I use the 7zip benchmark as a baseline for most boards since it shows the bare CPU performance and is a good comparison between boards. PyTorch and TensorFlow for Machine Learning tests.
#Cpu speed accelerator 8.0 review install#
#Cpu speed accelerator 8.0 review plus#
GPU: NVIDIA Volta with 384 NVIDIA CUDA cores and 48 Tensor Cores, plus 2x NVDLA.CPU: 6-core Carmel Arm 64-bit CPU, 6MB L2 + 4MB 元.Also the benchmarks I used are in no way comprehensive on all workload available. They were made in my home lab using open source tools and equipment available in the marked. The app can be installed with sudo -H pip install -U jetson-stats and run with sudo jtop.ĭisclaimer: These tests and benchmarks are not scientific and validated in a tight laboratory spec. It’s a utility similar to htop but fetching NVIDIA stats. To measure the CPU and GPU use, I’ve installed jtopfrom jetson-stats repo.

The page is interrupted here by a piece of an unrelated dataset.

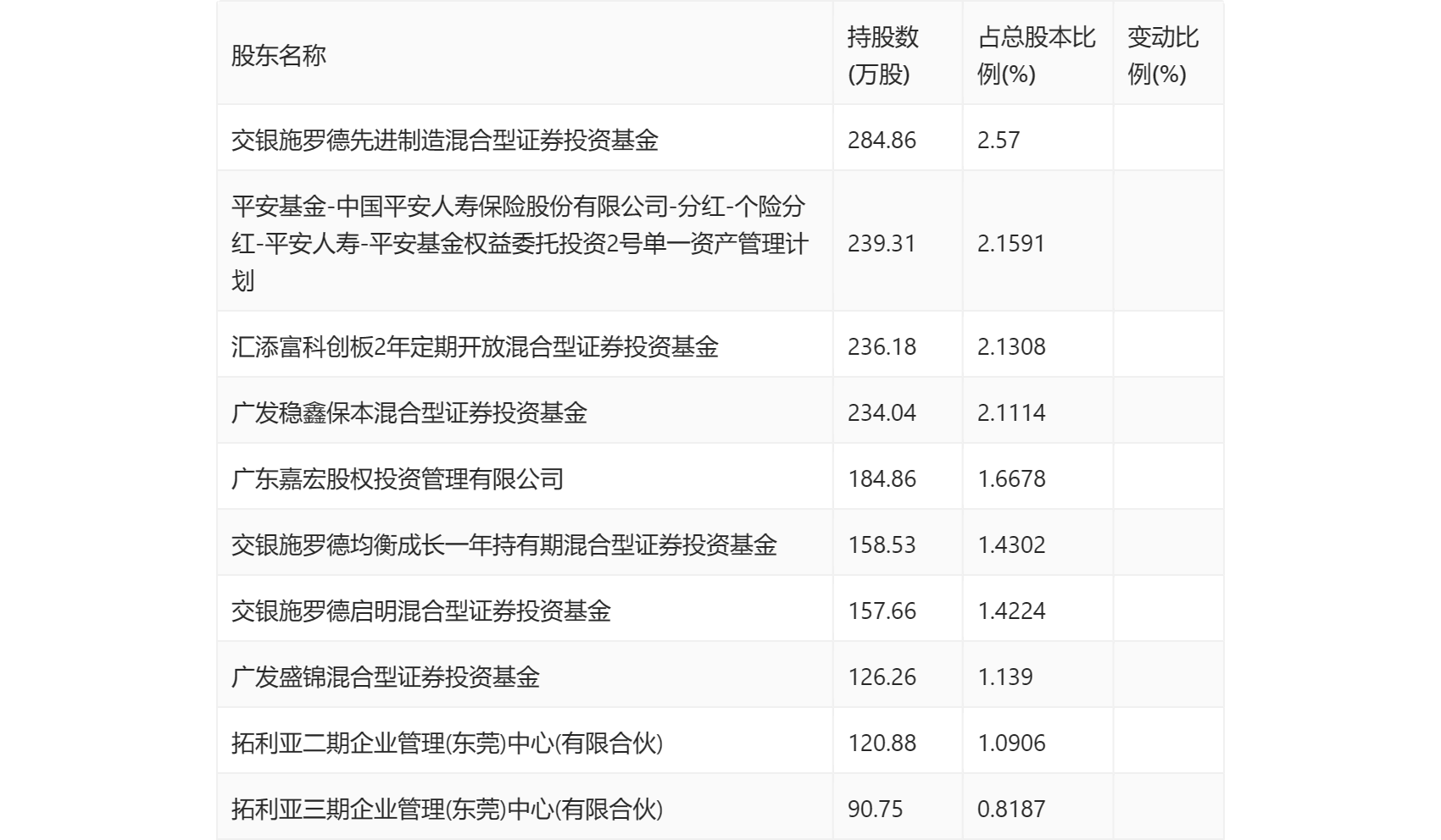 一季报显示,2024年一季度末公司十大流通股东中,新进股东为拓利亚二期企业管理(东莞)中心(有限合伙)、拓利亚三期企业管理(东莞)中心(有限合伙),取代了上年末的平安优势回报1年持有期混合型证券投资基金、民生加银鑫喜灵活配置混合型证券投资基金。在具体持股比例上,交银施罗德先进制造混合型证券投资基金、汇添富科创板2年定期开放混合型证券投资基金、广发稳鑫保本混合型证券投资基金、交银施罗德均衡成长一年持有期混合型证券投资基金、交银施罗德启明混合型证券投资基金持股有所上升,平安基金-中国平安人寿保险股份有限公司-分红-个险分红-平安人寿-平安基金权益委托投资2号单一资产管理计划持股有所下降。

All boards were set using Debian or Ubuntu and no Graphical Interface enabled.

Of course the price range varies a lot, from $79 for the Odroid N2 and the RockPro64 to $399 to the Xavier NX we cannot expect similar performance or features.

Here I will do a similar approach and add some GPU and power consumption tests and comparisons. A while back, I’ve benchmarked some ARM boards comparing their performance on Java and other workloads. Here I will do some benchmarks and compare the performance between the Jetson NX and other SBCs.